Otherwise, he said, it’s going to be a 30-plus-minute drive each way in heavy traffic for his deputies, who will have to negotiate the drive from the current prosecutor’s site in Captain Cook every time they need to go to court.

“We’re very excited that the courthouse is moving forward and now we just have to have our offices moved closer,” Roth said.

The county earlier spent $1 million for the design phase of the project. A solicitation has gone out, with bids to be opened Dec. 7, Public Works Department spokesman Barett Otani said Wednesday. At that point, the county will know how much the project will cost.

Otani said the chosen contractor will get a notice to proceed by mid-January.

The County Council is also slated to vote on a $12.5 million general obligation bond to pay for the new building.
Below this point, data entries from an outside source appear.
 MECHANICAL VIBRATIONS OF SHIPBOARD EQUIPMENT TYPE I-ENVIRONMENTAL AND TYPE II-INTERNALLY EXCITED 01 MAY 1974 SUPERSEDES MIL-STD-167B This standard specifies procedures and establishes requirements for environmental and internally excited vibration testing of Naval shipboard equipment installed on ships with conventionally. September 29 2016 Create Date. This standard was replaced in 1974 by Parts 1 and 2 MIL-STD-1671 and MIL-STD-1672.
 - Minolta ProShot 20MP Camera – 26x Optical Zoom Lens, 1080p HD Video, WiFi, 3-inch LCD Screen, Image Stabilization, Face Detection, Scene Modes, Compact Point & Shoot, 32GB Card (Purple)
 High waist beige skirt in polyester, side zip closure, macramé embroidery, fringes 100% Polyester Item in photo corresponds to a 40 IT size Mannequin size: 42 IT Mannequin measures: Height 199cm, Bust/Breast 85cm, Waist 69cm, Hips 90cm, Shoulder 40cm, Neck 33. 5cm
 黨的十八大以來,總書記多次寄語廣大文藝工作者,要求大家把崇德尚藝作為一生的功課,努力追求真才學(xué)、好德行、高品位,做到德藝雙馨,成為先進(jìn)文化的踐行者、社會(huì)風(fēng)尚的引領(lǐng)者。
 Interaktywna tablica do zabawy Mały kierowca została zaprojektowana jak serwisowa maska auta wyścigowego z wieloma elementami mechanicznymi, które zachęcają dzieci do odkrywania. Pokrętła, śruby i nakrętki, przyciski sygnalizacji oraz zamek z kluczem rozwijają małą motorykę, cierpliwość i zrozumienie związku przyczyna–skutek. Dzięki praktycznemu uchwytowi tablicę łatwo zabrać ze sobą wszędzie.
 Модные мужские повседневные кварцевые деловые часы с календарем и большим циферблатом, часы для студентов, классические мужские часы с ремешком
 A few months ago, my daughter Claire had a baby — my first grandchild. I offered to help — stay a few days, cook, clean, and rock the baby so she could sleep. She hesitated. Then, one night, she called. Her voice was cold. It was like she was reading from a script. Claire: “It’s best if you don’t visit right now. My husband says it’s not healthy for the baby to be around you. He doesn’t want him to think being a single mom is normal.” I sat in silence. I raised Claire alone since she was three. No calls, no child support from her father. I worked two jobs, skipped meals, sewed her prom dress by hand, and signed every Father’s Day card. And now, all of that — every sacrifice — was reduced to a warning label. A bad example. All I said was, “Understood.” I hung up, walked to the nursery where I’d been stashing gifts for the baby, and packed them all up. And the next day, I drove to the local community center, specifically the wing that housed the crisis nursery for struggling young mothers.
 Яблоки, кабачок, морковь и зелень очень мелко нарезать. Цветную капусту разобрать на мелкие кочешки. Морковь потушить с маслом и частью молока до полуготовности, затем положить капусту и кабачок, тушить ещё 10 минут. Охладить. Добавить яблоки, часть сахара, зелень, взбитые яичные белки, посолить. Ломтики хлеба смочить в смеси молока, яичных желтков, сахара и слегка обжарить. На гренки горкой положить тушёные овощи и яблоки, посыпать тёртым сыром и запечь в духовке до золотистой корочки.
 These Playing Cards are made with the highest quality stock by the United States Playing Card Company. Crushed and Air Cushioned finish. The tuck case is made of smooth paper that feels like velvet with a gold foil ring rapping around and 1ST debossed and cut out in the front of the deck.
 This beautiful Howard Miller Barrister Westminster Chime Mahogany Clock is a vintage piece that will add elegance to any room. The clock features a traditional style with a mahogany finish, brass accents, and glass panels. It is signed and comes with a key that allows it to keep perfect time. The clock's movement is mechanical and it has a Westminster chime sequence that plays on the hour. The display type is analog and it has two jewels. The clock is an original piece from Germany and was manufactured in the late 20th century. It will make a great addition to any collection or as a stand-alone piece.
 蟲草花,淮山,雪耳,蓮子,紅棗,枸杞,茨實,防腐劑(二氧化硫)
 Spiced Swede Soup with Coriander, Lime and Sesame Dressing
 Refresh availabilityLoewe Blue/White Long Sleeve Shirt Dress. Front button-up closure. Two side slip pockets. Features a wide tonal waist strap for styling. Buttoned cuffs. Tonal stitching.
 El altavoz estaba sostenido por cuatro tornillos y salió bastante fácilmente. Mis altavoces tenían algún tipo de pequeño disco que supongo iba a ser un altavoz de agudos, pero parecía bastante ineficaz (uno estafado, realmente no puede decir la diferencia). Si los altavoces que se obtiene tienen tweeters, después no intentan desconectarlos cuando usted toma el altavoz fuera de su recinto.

Bill 83 is going straight to the County Council without committee review, because of the need to move quickly, Finance Director Deanna Sako said.

“Co-locating the prosecutor’s office with other county offices on the West Hawaii Civic Center campus will benefit the county with savings by using the economy of scale,” Mayor Harry Kim said in a Nov. 15 correspondence to the council. “Some examples of such savings would be in owning the building rather than renting, reduced travel mileage and time and using shared resources with other departments on the campus.”

Sako said the new bond issuance would bring the county’s debt service — the amount it spends annually on principal and interest — up to 13 percent of total expenditures. That’s within Government Finance Officers Association standards that debt service be below 15 percent of total expenditures.

Sako said the bond issue won’t significantly raise the debt service because annual payments, and sometimes refinancing at lower interest rates, have reduced the debt as new debt is added.

“It’s been hovering right around there for the last few years,” Sako said.

The new 140,000-square-foot courthouse, a state project, is scheduled to be complete in the middle of 2019 near the Makalapua Shopping Center. The $90 million project will give West Hawaii a three-story facility with five courtrooms, a law library, self-help center, conference rooms, holding cells, witness rooms, attorney interview rooms, and a grand jury meeting room.

The eight-building West Hawaii Civic Center complex, on 7 acres near the intersection of Ane Keohokalole Highway and Kealakahe Parkway, encompasses 22 county agencies plus a state agency in 85,000 square feet of space. Completed in 2011, it cost $50.5 million.